Member of the California State Assembly from the 8th district
- In office December 6, 1976 – November 30, 1980
- Preceded by: Alfred C. Siegler
- Succeeded by: Don Sebastiani

Personal details
- Born: Michael Gage May 1, 1945 Glendale, California, U.S.
- Died: August 23, 2021 (aged 76) Salem, Oregon, U.S.
- Party: Democratic

Military service
- Branch/service: United States Army

= Michael Gage (politician) =

American politician (1945–2021)

Michael Gage (May 1, 1945 – August 23, 2021) was an American politician who served as a member of the California State Assembly for the 8th district from December 6, 1976, to November 30, 1980.

==Early life==
Gage was born in Glendale, California and raised in Napa, California. After graduating from Napa High School in 1963, he served in the United States Army for three years. While in the army, he was a loadmaster and jumpmaster at the United States Army Airborne School at Fort Benning, Georgia. In Spring 1967, started at Napa College, where he attended for two years.

==Career==
Gage began his career as a staff director for the California State Senate Democratic Caucus. He later served as a field coordinator for John F. Dunlap. Gage was elected to the California State Assembly in 1976 and re-elected in 1978. Gage was a primary candidate in 1980 before opting not to seek re-election. He was succeeded by businessman and vintner Don Sebastiani.

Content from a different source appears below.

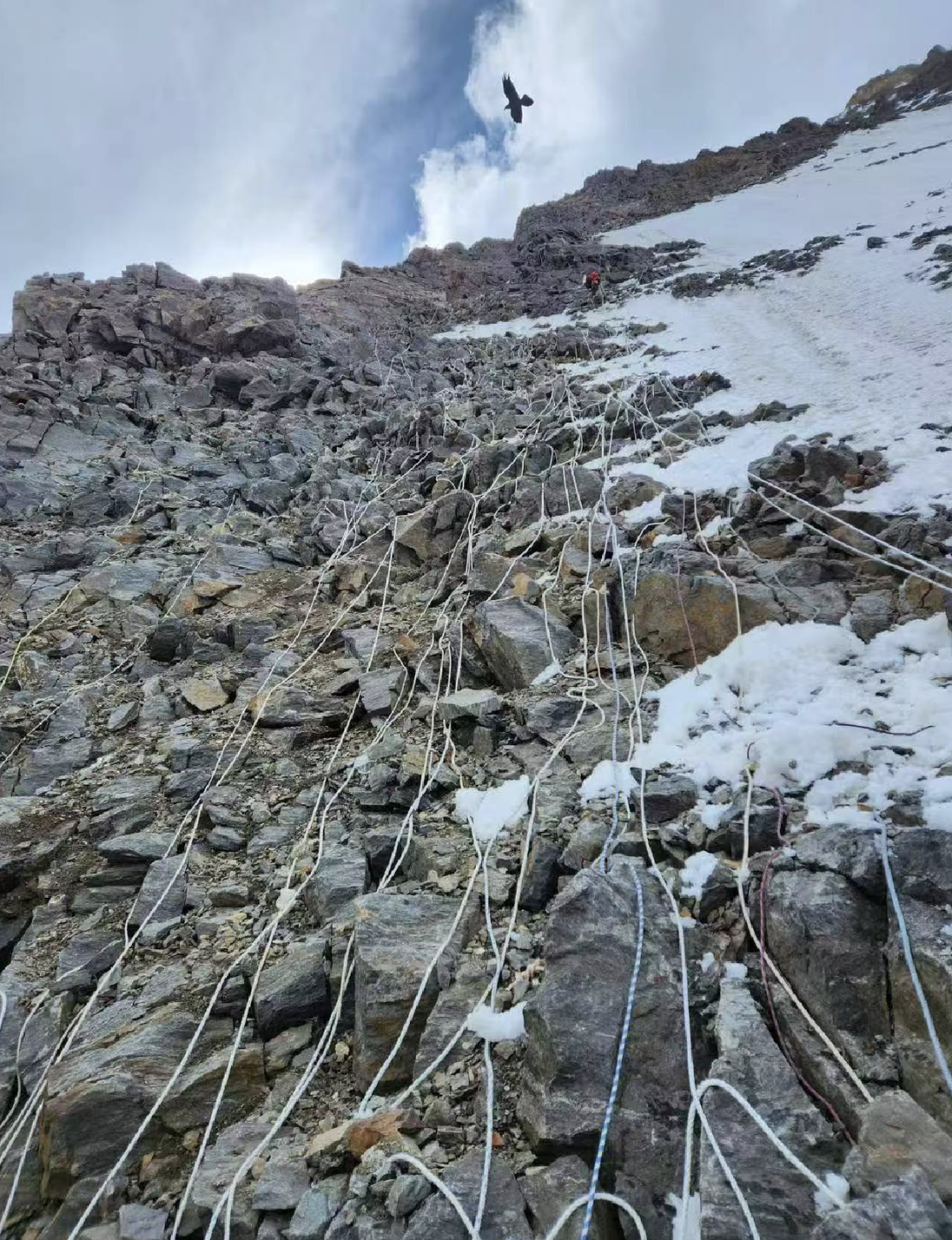 那一刻胡樱虹才意识到,从冲顶到下撤的几天里,山体变化很快:上山时,从1号营地到2号营地都是冰雪岩石混合路段,但下撤时,岩石上的雪都融化了——过去几天气温相对较高,岩石变得更加裸露和破碎。理论上晚上气温降低,山体表面被冻住,落石风险较小,“但(出事后)我向导考虑到,落石这么频繁,夜里又看不见,就更危险,就终止下撤了”。

After leaving the Assembly, Gage became an environmental activist. He advocated for the transition away from nuclear energy to alternative energy. From 1987 to 1990, Gage served as deputy mayor of Los Angeles under Tom Bradley. He was later elected to the Metropolitan Water District of Southern California. From 1992 to 1999, he was the president of CALSTART, a non-profit clean energy company based in Pasadena, California. From 2001 to 2003, he was the vice president and southwest regional director of the Trust for Public Land.

Gage worked for Blue Moose Farm, a sustainable farm in Salem, Oregon.

== Personal life ==
He died of cancer on August 23, 2021, in Salem, Oregon, at age 76.